Él creía en esas palabras; se veía admirado por todos los que le rodeaban. Lo
necesitaba, lo ansiaba. Lo conseguiría. Se veía comandándolos; se veía amado por
todos. A veces le asaltaban las dudas: ¿no sería esa seguridad, la que tenía en que todo
fuera a ser así, pura fantasía, una más entre tantas otras? En esos momentos no soñaba,
ni anhelaba honores ni gloria, tan sólo sentía ira de ver su amor hacia los demás
traicionado. Porque había reflexionado acerca de ello: él amaba todo lo que le rodeaba y
daría su futuro, su vida por ello. Amaba a sus compañeros pese a sus burlas; amaba a
sus padres; amaba a sus maestros; amaba a su pueblo; amaba la compañía y la soledad,
la noche y el día, la ciudad y el monte, el mar y la arena. Pero ante todo, se amaba a sí
mismo, punto de partida para todo lo demás, y de ese sentimiento que nacía dentro le
brotaba por cientos de canales la afición hacia lo que percibía, desperdigándose al
exterior como el agua de una cisterna. Era tanto su afecto por el mundo sensible que le
tocó la voluntad como una nereida arrulla a las olas del mar. Debía cambiar, tenía que
abandonar esa inseguridad que le hacía débil; sus fantasías serían realidad.

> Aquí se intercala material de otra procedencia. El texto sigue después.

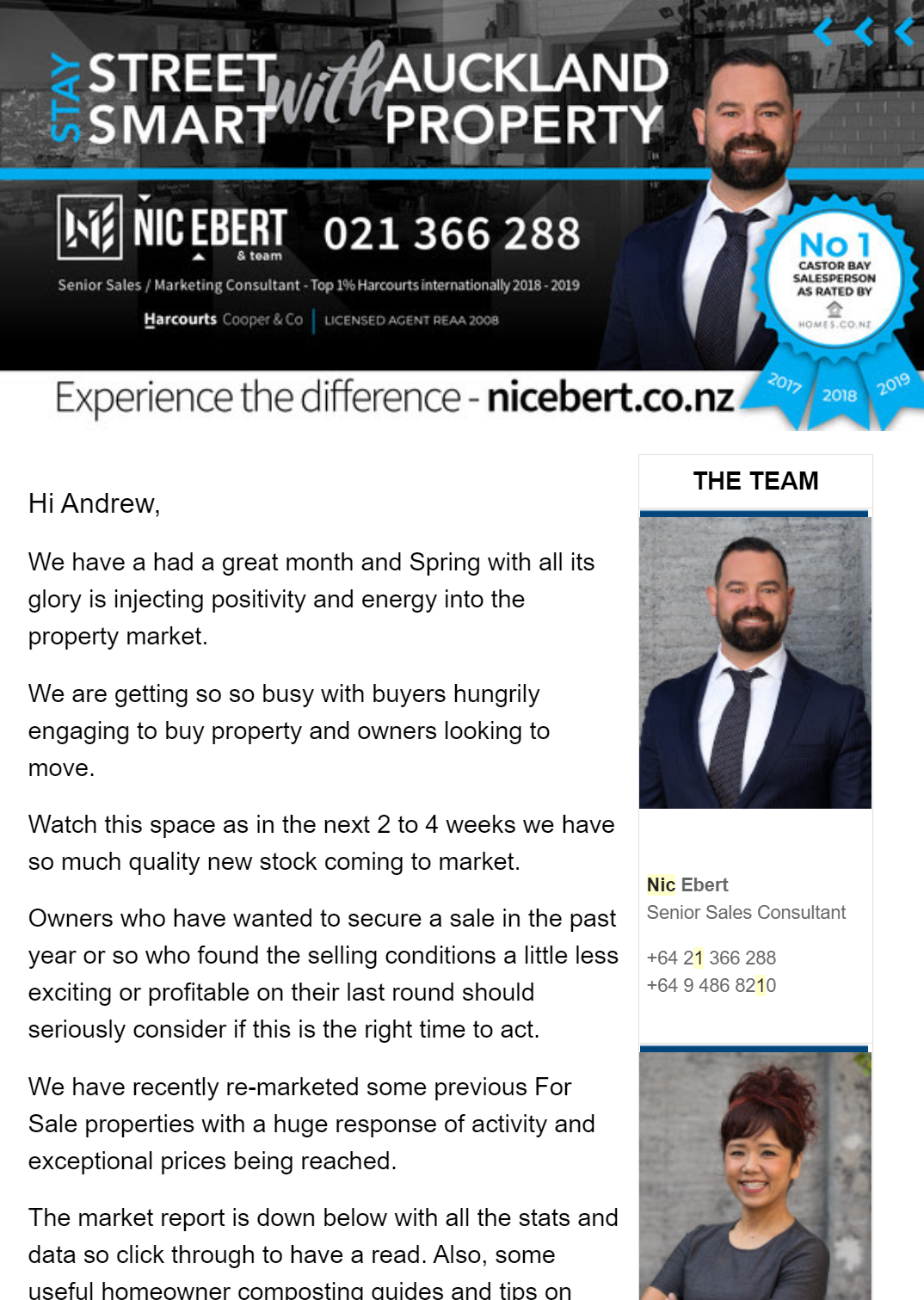 Real estate owners love being in the know. Especially when it comes to local house values. Send out a quick monthly email with a list of recent local sales in your area. Add a brief description of each property and use approximate sale values like 'sold in the mid $800,000's'. A photo of each property is an added bonus but not essential.

Pondría todo
su empeño en sus anhelos. Una voluntad que movería montañas y juntaría tierras. ¡Sería
un Posidón!
Regresó al cuarto en donde se hacinaba el resto de muchachos, que ya se afanaban
por colocar sus cuatro pertenencias y tener dispuesto el equipo con el que más tarde se
entrenarían. Uno, a la que pasaba, le arreó un pescozón.
—Vamos, Manzano, que hoy toca física. El maestro se muere por tocarte un poco
el culo, y lo haría si no le fuese la mano en ello. —Rió de forma grosera, y como si le
hubiera iluminado un dios, añadió—: A lo mejor te la meto yo.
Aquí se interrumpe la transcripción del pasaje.